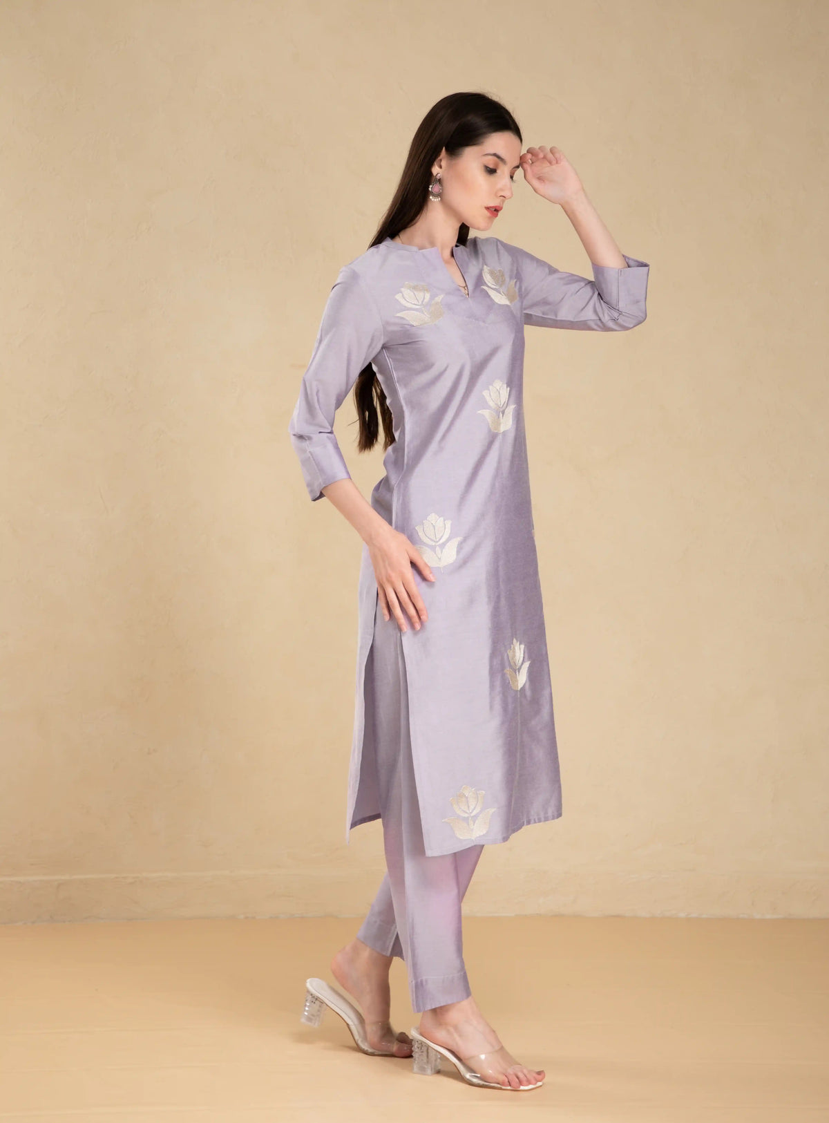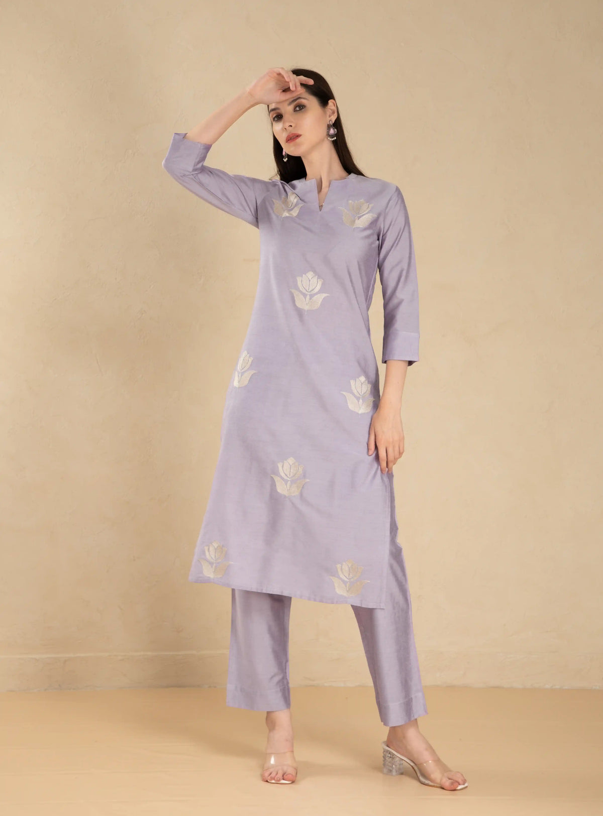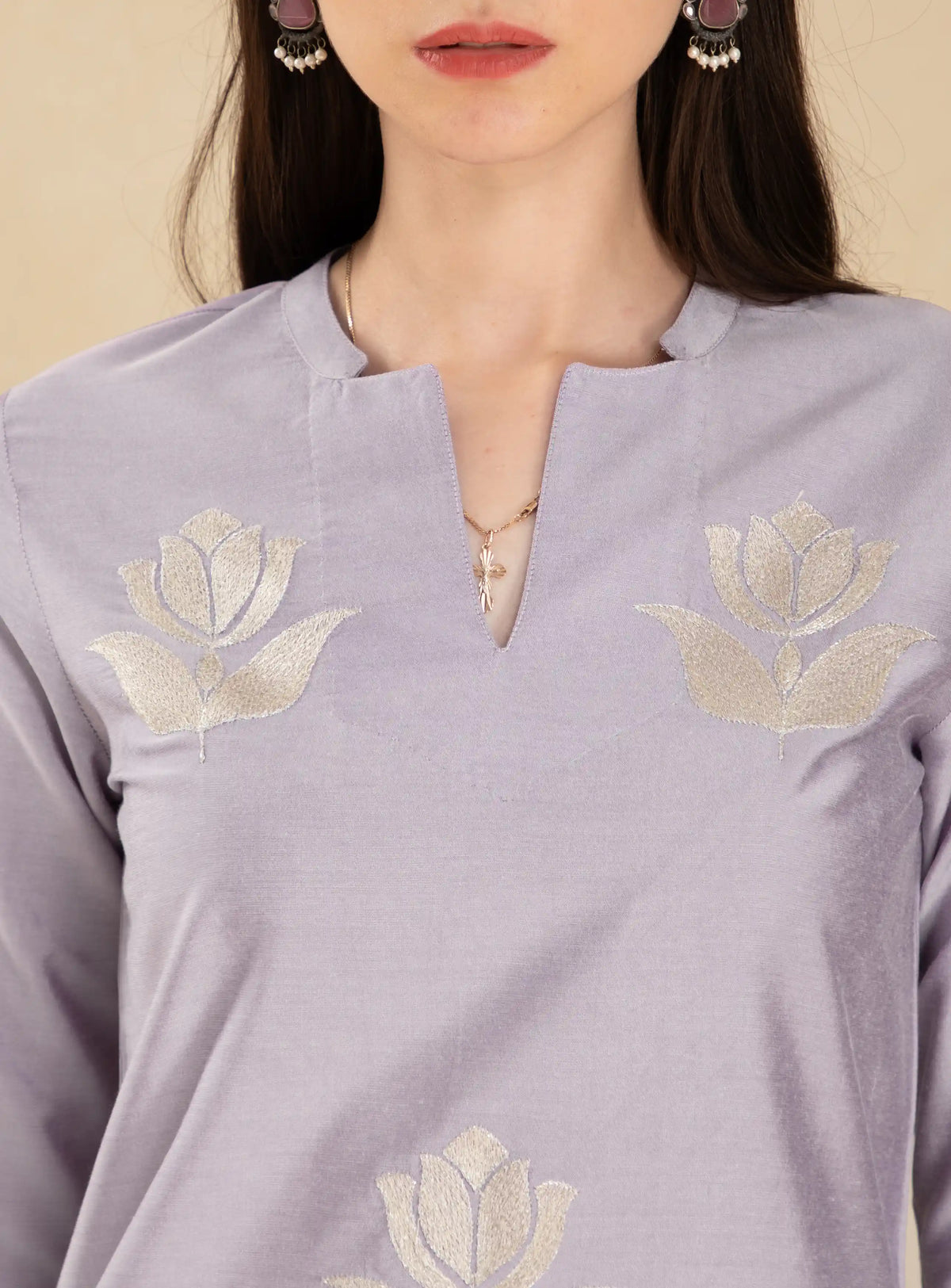 Women Lavender silk-base-2pc-kurta-set-with-embroidery-details
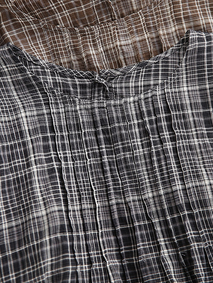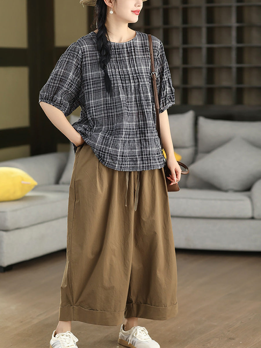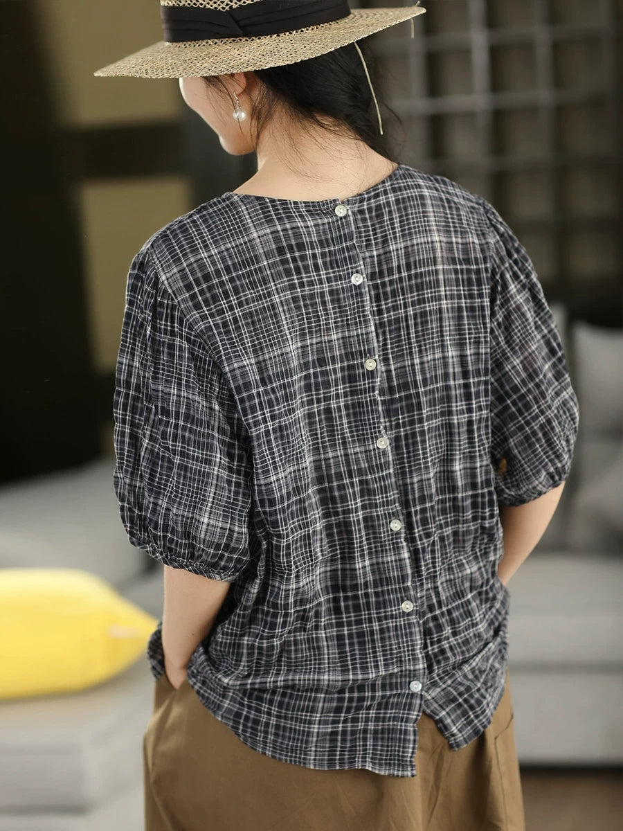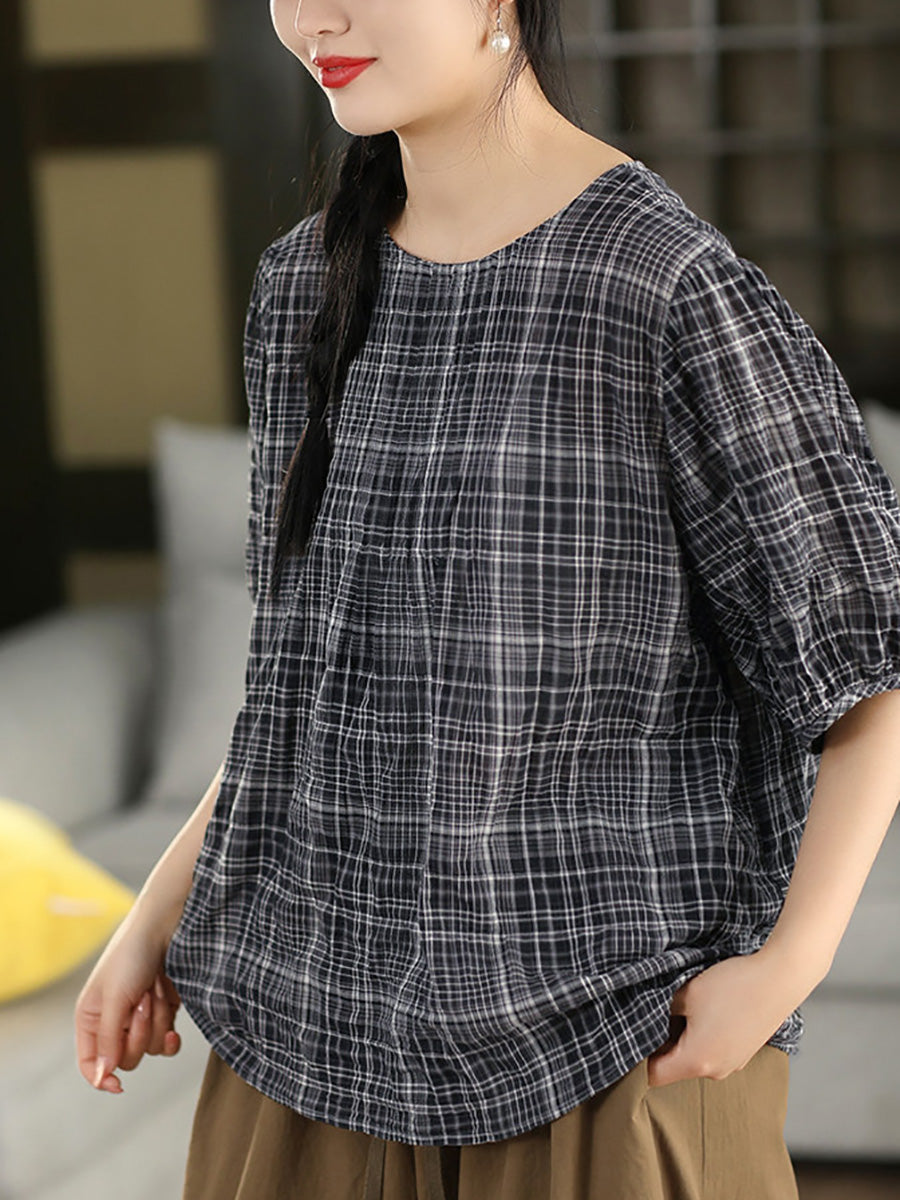 Blusa de verano para mujer, estilo artístico, a cuadros, 100% algodón, cuello redondo.
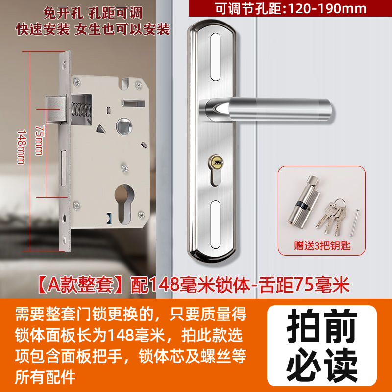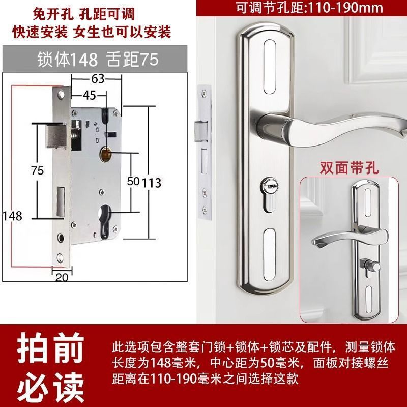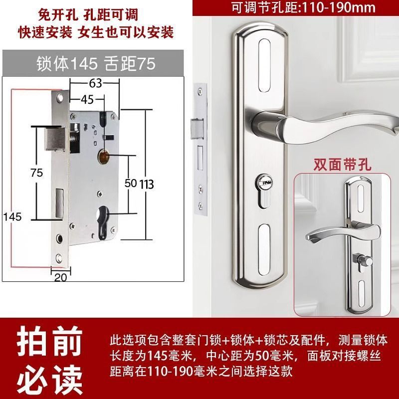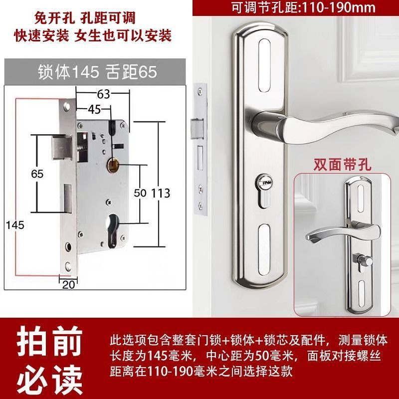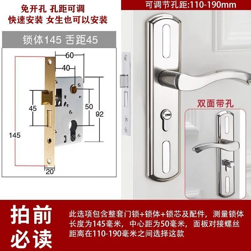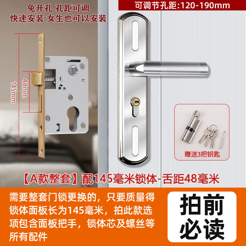 • 가정용으로 권장 - [E형 곡선형 손잡이 달빛 은색 - 조절 가능한 두꺼운 패널] - [전체 세트에는 열쇠가 포함되어 있습니다] 145-75 자물쇠 본체

══════════

• **WORK REQUEST**
Retype the listing exactly. Skip every picture.

• **WRITTEN REPLY**
 Women Lavender silk-base-2pc-kurta-set-with-embroidery-details
 Blusa de verano para mujer, estilo artístico, a cuadros, 100% algodón, cuello redondo.
 • 가정용으로 권장 - [E형 곡선형 손잡이 달빛 은색 - 조절 가능한 두꺼운 패널] - [전체 세트에는 열쇠가 포함되어 있습니다] 145-75 자물쇠 본체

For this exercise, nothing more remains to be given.